The data are summarized into ZIP code tabulation areas (ZCTAs), geographic areas defined by the U.S. Census Bureau to provide a link between Census geography (blocks, block groups, and tracts) and U.S. Postal Service ZIP code areas. Medical records often include a billing address (including a ZIP code) and ZCTAs were developed in part due to the large demand for a way to link such billing records (and other address lists) to Census demographic summaries without undergoing a complex geocoding exercise based on each individual address. It is important to recognize that ZCTAs are close to areas defining ZIP code delivery areas, but that they are not identical to ZIP code areas (which can and do change at any time based on postal delivery needs). Some ZIP codes in urban areas correspond to single buildings or large businesses, some rural ZIP codes meander along delivery routes. ZCTAs are constructed from complete census regions (e.g., blocks) combined together so that a large majority of residents of a ZCTA share the same ZIP code, but ZIP codes can (and often do) follow different boundaries than Census blocks (see articles by Grubesic and Matisziw Citation2006 and Beyer, Schultz, and Ruston Citation2008 for more detailed discussion). In the present analyses, it is important to note that the ZCTA data does not fully cover the state of Florida—a particular gap (due to low population density in the Everglades) is seen in the southernmost tip in the maps in figures 1 and 2 in Heaton (Citation2014), figures 1 and 2 in Wang and Rodriguez (2014), figures 1–11 in Lawson and Rotejanaprasert (Citation2014), and figures 1 and 3 in Zhang, Lim, and Maiti (Citation2014). It is important to appreciate that ZCTAs provide a close approximation to link registry-based disease cases to census demographics defining the population at risk, but that it is still an approximation and may merit closer investigation to fully understand potential clusters, particularly those based on small local numbers of individuals at risk.

It is also important to note that both the FAPTP and the Census report race characteristics but in different categories, so it is somewhat difficult to precisely match the racial demographics of the cases with the demographic profile of the at-risk population. More specifically, the U.S. Census captures self-reported race and ethnicity through individual responses to two separate questions. For the 2000 Census, responders chose one or more self-identification classifications from the list of: “White,” “African American/Black/Negro,” “American Indian/Alaskan Native,” “Asian Indian,” “Japanese,” “Native Hawaiian,” “Chinese,” “Korean,” “Guamanian/Chamorro,” “Filipino,” “Vietnamese,” “Samoan,” “Other Pacific Islander,” or “some other race.” Ethnicity is determined by answering a question “Is this person Spanish/Hispanic/Latino?” from the following options “No, not Spanish/Hispanic/Latino”, “Yes, Mexican, Mexican American, Chicano,” “Yes, Puerto Rican,” “Yes, Cuban,” “Yes, other Spanish/Hispanic/Latino” (Grieco and Cassidy Citation2001).

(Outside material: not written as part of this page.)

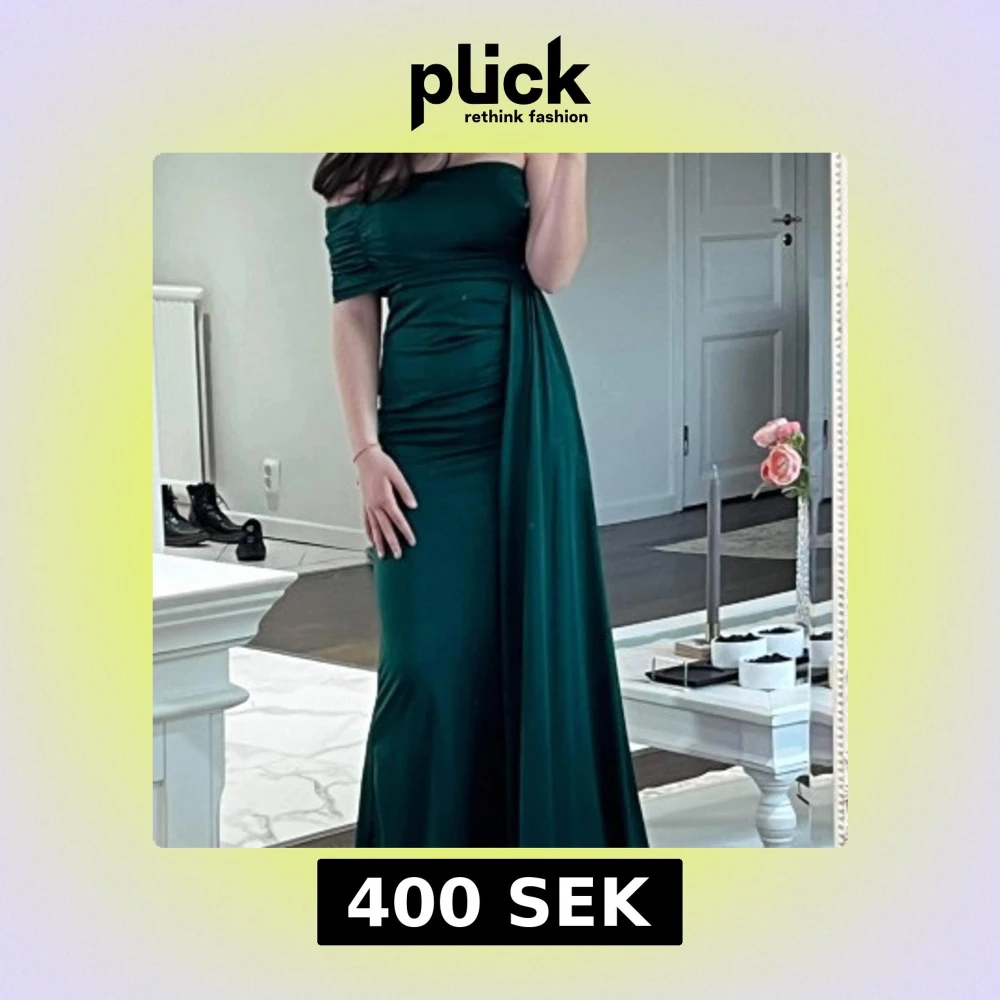 Säljer en elegant mörkgrön långklänning med offshoulder-design och draperad detalj över bysten. Klänningen har en figurnära passform upptill och ett långt, svepande fall. Perfekt för speciella tillfällen!Pris kan diskuteras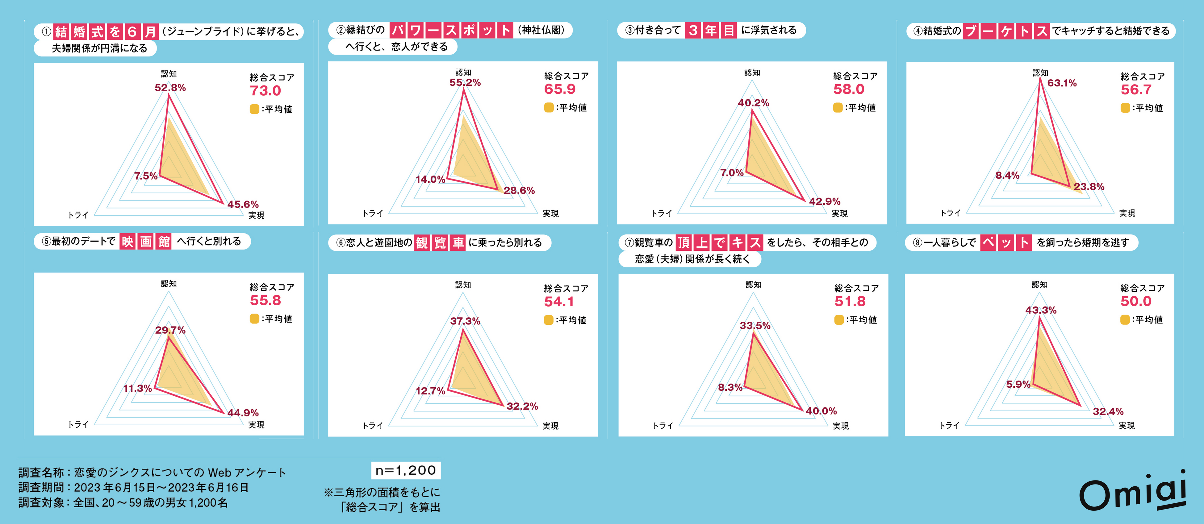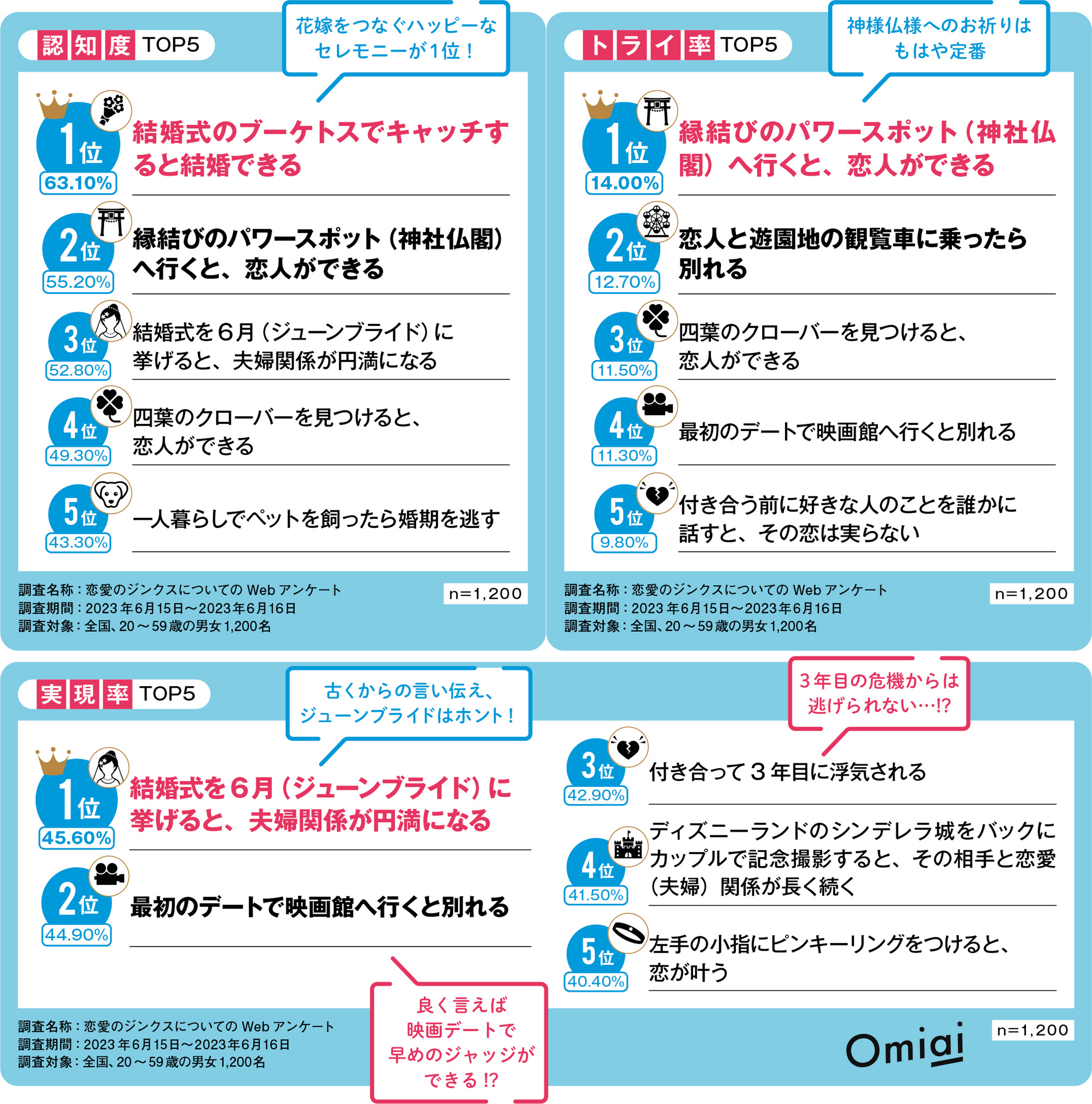 全国の20〜59歳の男女1,200名を対象に、「Omiai Report」編集部がピックアップした定番的な恋愛ジンクスについてアンケート調査を実施。「ジンクスの通りになった」「実践したがこのジンクスの通りにならなかった」「このジンクスを実践/経験したことがない」「このジンクスは聞いたことがない」のいずれかで回答してもらい、各ジンクスの認知度、トライ率、実現率を割り出しました。

In contrast, the FAPTP reports race in only three categories “White,” “Black,” and “Other,” with over 95% of the population falling into the first two categories (Ren et al. Citation2012). Race is reported from the medical record (or death certificate for mortality data) and may not necessarily be self-report but rather an assessment assigned by a physician, nurse, or other professional when filling in the medical or death record.

The last data feature to appreciate relates to the statistical challenge of small area estimation, here, estimating low risks/rates of a rare event from small local population sizes. We mentioned above the concern regarding accuracy of the local case count and population count data, particularly for between-Census estimations. There is also a tension between statistical and geographic precision: as we increase geographic precision by using smaller areas we decrease statistical precision by estimating rates based on fewer and fewer events. Some ZCTAs contain larger numbers of individuals at risk, allowing better precision in estimation, but some likely have less than one case expected. All statistical approaches applied in the five articles seek to combine or borrow information between ZCTAs to improve local estimates either through combining data across neighboring ZCTAs (the set of potential clusters evaluated in Amin et al. Citation2014 and the clusters of equal risk in Zhang, Lim, and Maiti Citation2014), or through spatial smoothing/correlations between ZCTAs (Heaton Citation2014; Lawson and Rotejanaprasert Citation2014; Wang and Rodriguez Citation2014). All authors note that their at-risk population values are from the Census and it appears they limit these to age groups consistent with the pediatric at-risk population, but to aid in epidemiologic interpretation of the statistical results, it is important to clarify this detail.

4. WHAT SPECIFIC QUESTIONS DOES EACH METHOD ANSWER WITH THE AVAILABLE DATA?

We next examine each article in terms of what specific details relating to the general question of interest are addressed by the methods applied. We begin with statistical details, followed by the epidemiologic and policy implications of the statistical findings.

4.1 Statistical Questions: Are There Statistically Significant Local Increases in Risk?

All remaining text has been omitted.